Mayor of General José de San Martín
- In office 28 July 2009 – 10 December 2019
- Preceded by: Rubén Guillón
- Succeeded by: Mauro Leiva
- In office 10 December 2003 – 14 November 2008
- Preceded by: Carlos A. Guardianelli
- Succeeded by: Rubén Guillón

Minister of Social Development of Chaco
- In office 14 November 2008 – 28 July 2009
- Governor: Jorge Capitanich
- Preceded by: Cristina Magnano
- Succeeded by: Beatriz Bogado

Personal details
- Born: 1 October 1963 (age 62) General José de San Martín, Chaco Province, Argentina
- Party: Justicialist Party
- Other political affiliations: Front for Victory (2009–2017) Frente de Todos (2019–present)

= Aldo Leiva =

Argentine politician

Aldo Adolfo Leiva (born 10 January 1963) is an Argentine politician and Malvinas War veteran, currently serving as National Deputy elected in Chaco Province. A member of the Justicialist Party, Leiva was elected in 2019, and currently sits in the Frente de Todos parliamentary bloc. He previously served as intendente (mayor) of General José de San Martín, Chaco on two occasions, from 2009 to 2019, and from 2003 to 2008.

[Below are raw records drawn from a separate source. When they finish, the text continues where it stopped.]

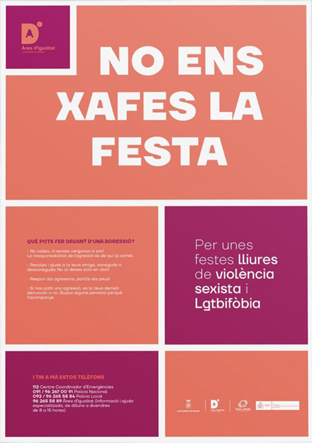 La concejalía de Igualdad del Ayuntamiento de Sagunto presenta la segunda edición de la campaña de prevención de agresiones sexistas y contra la LGTBIfòbia ‘No ens xafes la festa. Per unes festes lliures d’agressions sexistes i LGTBIfòbia’ en la temporada de fiestas del municipio.
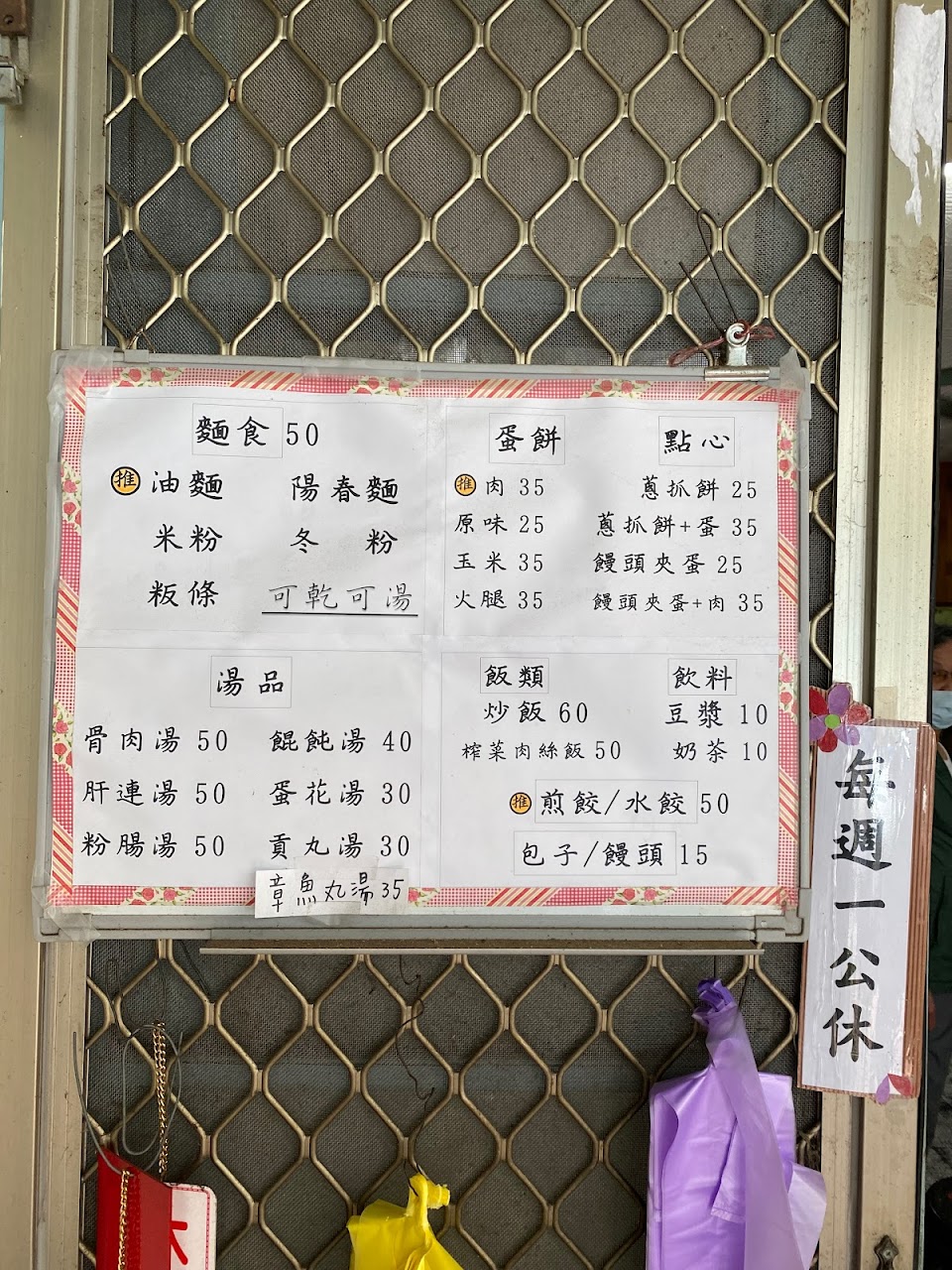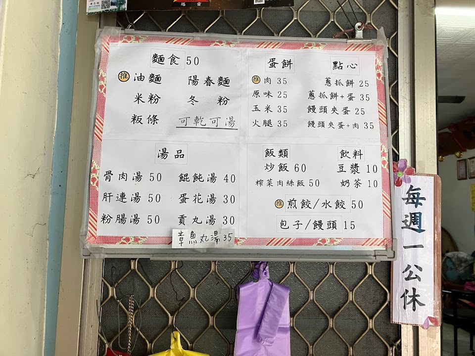 板條 湯 煎餃 炒飯 滷蛋 貢丸湯 蛋餅加肉
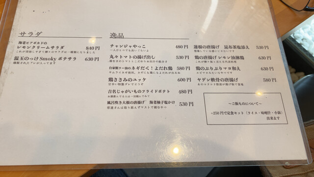 また、追加で盛り盛り氷レモンサワーをオーダー。もうこれでもかってくらいにレモンが入っています。700円とちょっと値が張りますが、まあこんだけレモン入ってたらね(笑) ただ気に入ったのがこちらのお店・・・盛り盛りとかゴロゴロ系のサワーでは追いサワー(330円)なるものをやってくれる。ラーメンの替え玉かよって心の中で突っ込みましたが、こういうセンスも私は好きです。
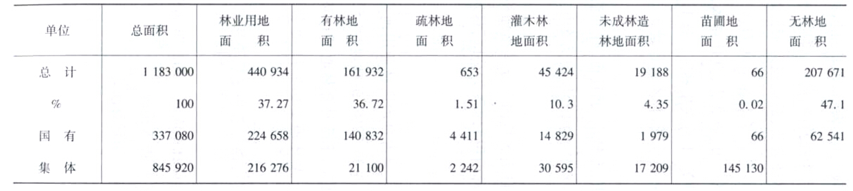 据2003年全区第五次森林资源连续调查,内蒙古自治区林业用地总面积4 409.34万公顷,其中,有林地1 619.32万公顷,占36.72%,疏林地66.53万公顷,占1.51%;灌木林地454.24万公顷,占10.30%;未成林造林地191.88万公顷,占4.35%,苗圃地0.66万公顷,占0.02%;无林地2 076.71万公顷,占47.10%。
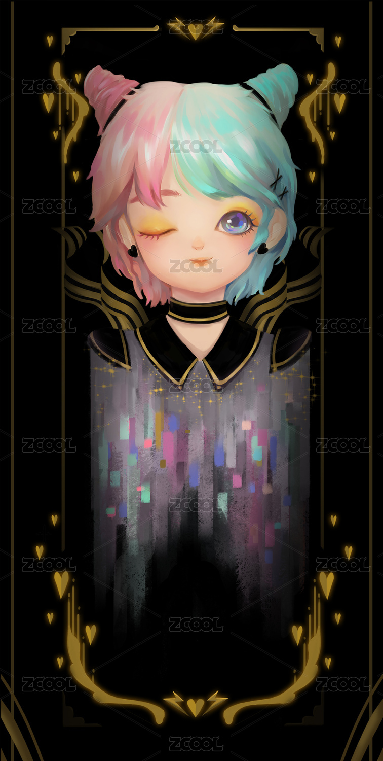 拿着匕首头戴羊头和蓝色羽毛的小姑娘
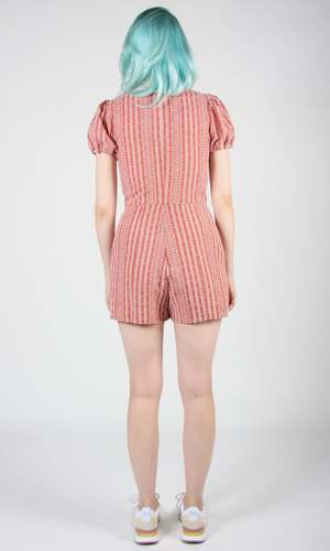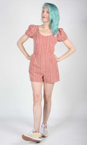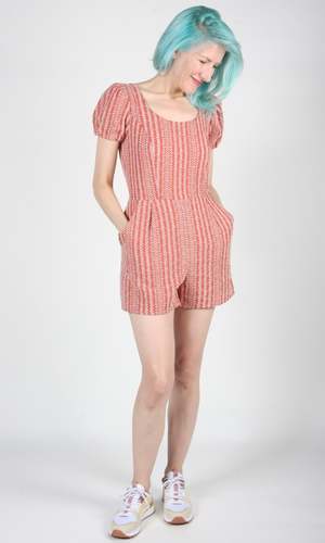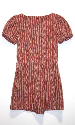 This is a previously enjoyed Birds piece. Bufflehead is a tailored romper inspired by our Akohekohe from last season. It has gathered sleeves and front pockets, and it closes with a back invisible zipper. Inseam is 3.5". Content: 75% Polyester, 25% Cotton Special Notes: Excellent condition! No damage or flaws noted!
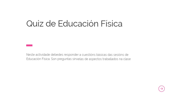 Neste actividade debedes responder a cuestións básicas das sesións de Educación Física. Son preguntas sinxelas de aspectos traballados na clase
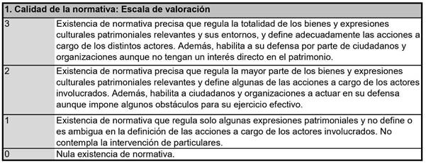 Tabla 2. Ejemplo de las escalas de valoración, Indicador 1. Calidad de la normativa
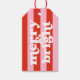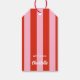 Tag Red Pink Thick Stripes Negrito Retro Natal com o texto "feliz & brilhante"
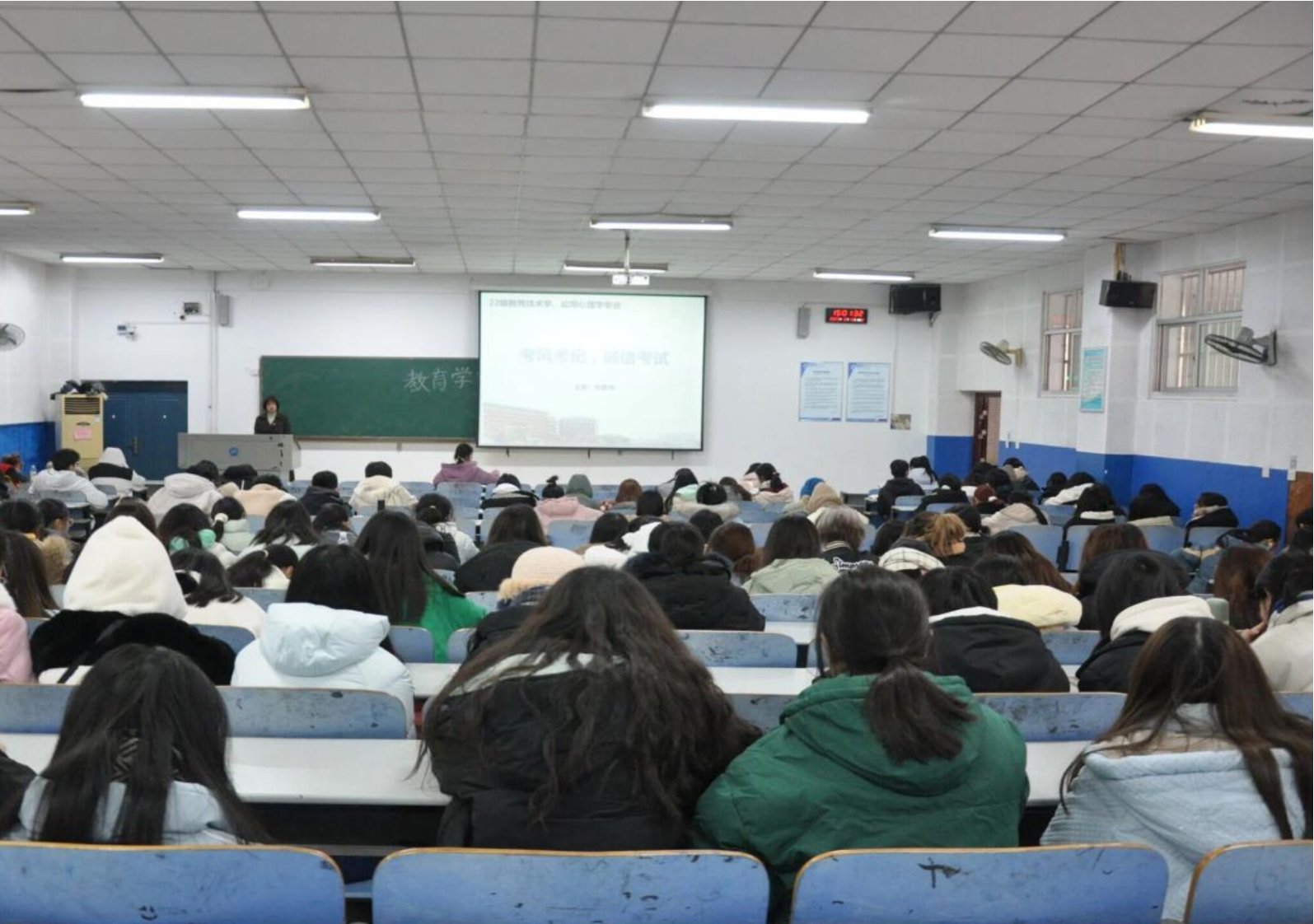 为强化员工规则意识、安全意识,严肃考风考纪,12月17日,公司分别于第八教学楼401、309教室召开2024-2025学年第一学期考风考纪暨期末考试动员大会。此次大会由各年级辅导员主讲,全体员工参与。

==Early and personal life==
Leiva was born on 1 October 1963 in General José de San Martín, Chaco Province. He did his military service (then mandatory) in the 4th Infantry Regiment of the Argentine Army, based in Monte Caseros, Corrientes. In 1982, when he was 19 years old, he was called upon to fight in the Falklands – Malvinas War. Leiva fought in the Battle of Two Sisters.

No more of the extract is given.